Appendicitis: Symptoms, Causes, Risk Factors, Diagnosis and Treatment

The appendix is ​​a narrow, tube-like organ attached to the large intestine on the lower right side of the abdomen.

Appendicitis is the swelling (or inflammation) of the appendix.

The condition can cause the rupture of the appendix, a complication that can be life-threatening.

Anyone can develop the disease, but most people who suffer from appendicitis are between 10 and 30 years old.

Append function

The appendix is ​​a thin tube, approximately 4 inches long, located at the junction of the small and large intestine on the right side of the abdomen. It produces mucus that travels to the large intestine.

The appendix is ​​often considered a “useless” organ that does not fulfill any function in human beings but remains of a human ancestor.

However, in recent years, some scientists have hypothesized that the appendix does have a purpose.


One theory is that the appendix can be a storage unit for good bacteria, which can help restart the digestive system after a bacterial infection.


Abdominal pain is the most common symptom of acute appendicitis.

The pain usually begins near the navel and then moves to the lower right side of the abdomen, usually for 12 to 24 hours.

The pain often worsens if the patient takes deep breaths, coughs, or sneezes. People who experience persistent abdominal pain should see their health care provider immediately.

Other symptoms of appendicitis include:

  • Loss of appetite
  • Nausea or vomiting
  • Constipation or diarrhea
  • Low fever
  • Abdominal swelling

Although the loss of appetite and fever are common symptoms of appendicitis, not all patients will have these symptoms.

Appendicitis may be more challenging to diagnose in the elderly, as they may not have the physical symptoms that younger people have, such as sensitivity in the abdomen.

In pregnant women, appendicitis pain may be in the upper right part of the abdomen because the appendix migrates upwards during pregnancy.

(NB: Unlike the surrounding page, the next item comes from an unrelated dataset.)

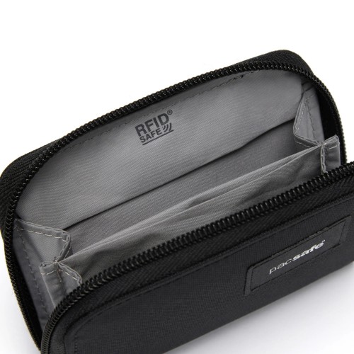 - Attachment point to clip into a Pacsafe bag or to attach wallet strap
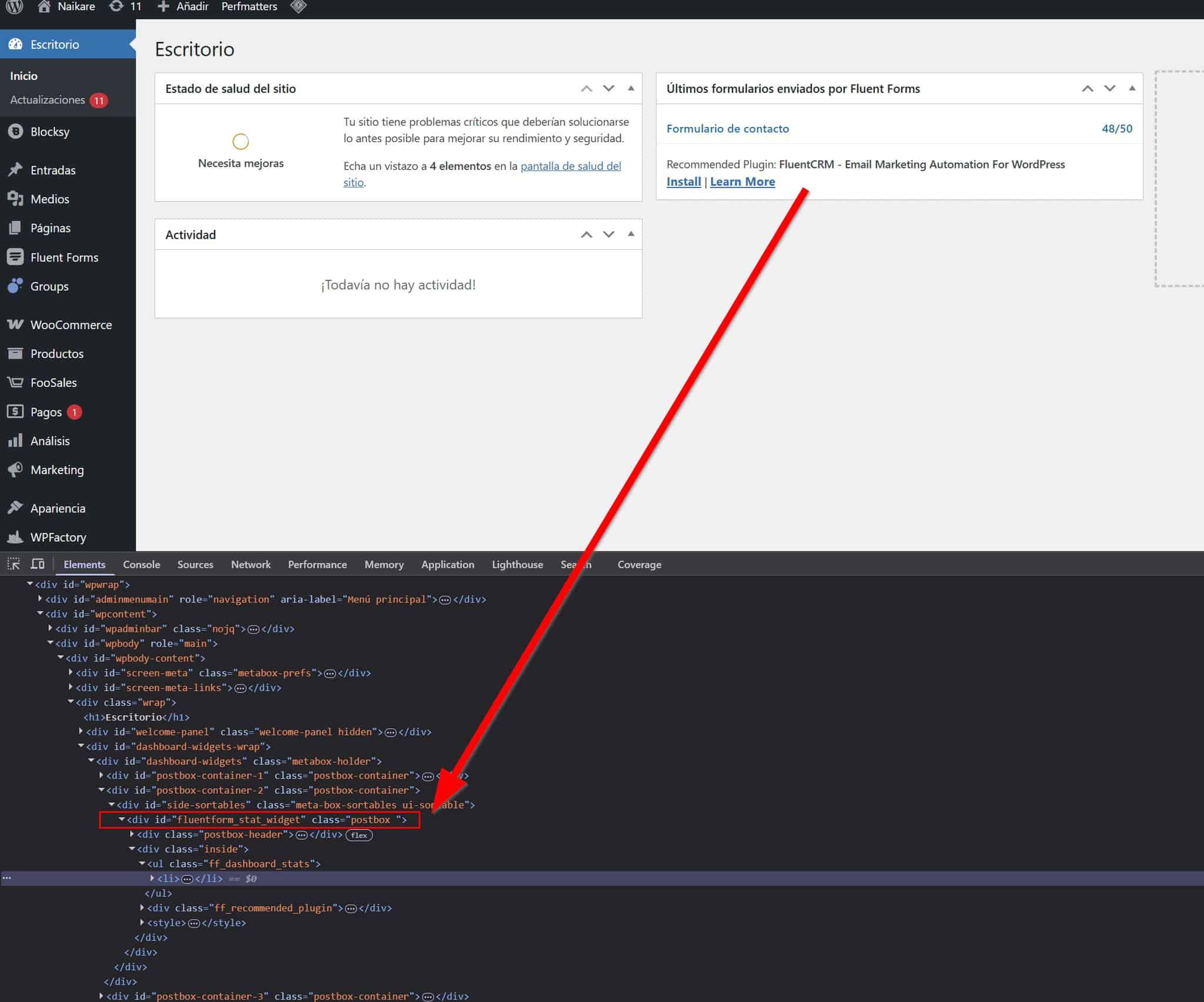 id="dashboard-widgets". For example, for the Fluent Forms widget, the ID isfluentform_stat_widget:

Among the causes may be a blockage of the appendix by:

  • Stool
  • A strange object
  • A tumor.

When the appendix is ​​blocked, the normal bacteria in the organ multiply, causing inflammation and infection.

Risk factor’s

Appendicitis is more common in people in their teens and twenties, but it can happen.

There is no evidence that specific diets can prevent appendicitis. Appendicitis can be hereditary, so having a family history of appendicitis can increase a person’s risk of having it.


To diagnose appendicitis, doctors can perform the following tests:

  • A physical exam that applies gentle pressure on the abdomen.
  • Blood tests to detect infections.
  • Urinalysis to detect kidney problems.
  • Imaging tests include computed tomography or ultrasound.

Doctors usually perform a computerized tomography for adults and an ultrasound for children.


Appendicitis is usually treated with surgery to remove the appendix, called an appendectomy. Early surgery decreases the chances of the appendix exploding.

Most people with appendicitis recover quickly after surgery and do not need to make any changes in their lifestyle. Patients who suffer a ruptured appendix may take longer to recover.

Broken Appendix

If an inflamed appendix is ​​not removed quickly, it may break. When the appendix ruptures, it can spill the infection throughout the abdomen, leading to a potentially dangerous condition called peritonitis, in which the lining of the abdominal cavity becomes infected.

The condition can cause sepsis or severe infection of the bloodstream.

People who have a broken appendix may feel less pain for a short time, but the pain will soon get worse and is likely to cause illness.

In most cases of peritonitis, the appendix is ​​removed immediately with surgery.

This is usually done through a laparotomy (a single incision). When infection and inflammation are under control (usually after about six to eight weeks), surgeons remove what remains of the appendix burst.

In some cases, an abscess forms around the appendix. Surgeons usually drain the pus from the abscess before surgery with a tube placed through the abdominal wall.

After surgery, the drainage tube is left for about two weeks while the patient takes antibiotics.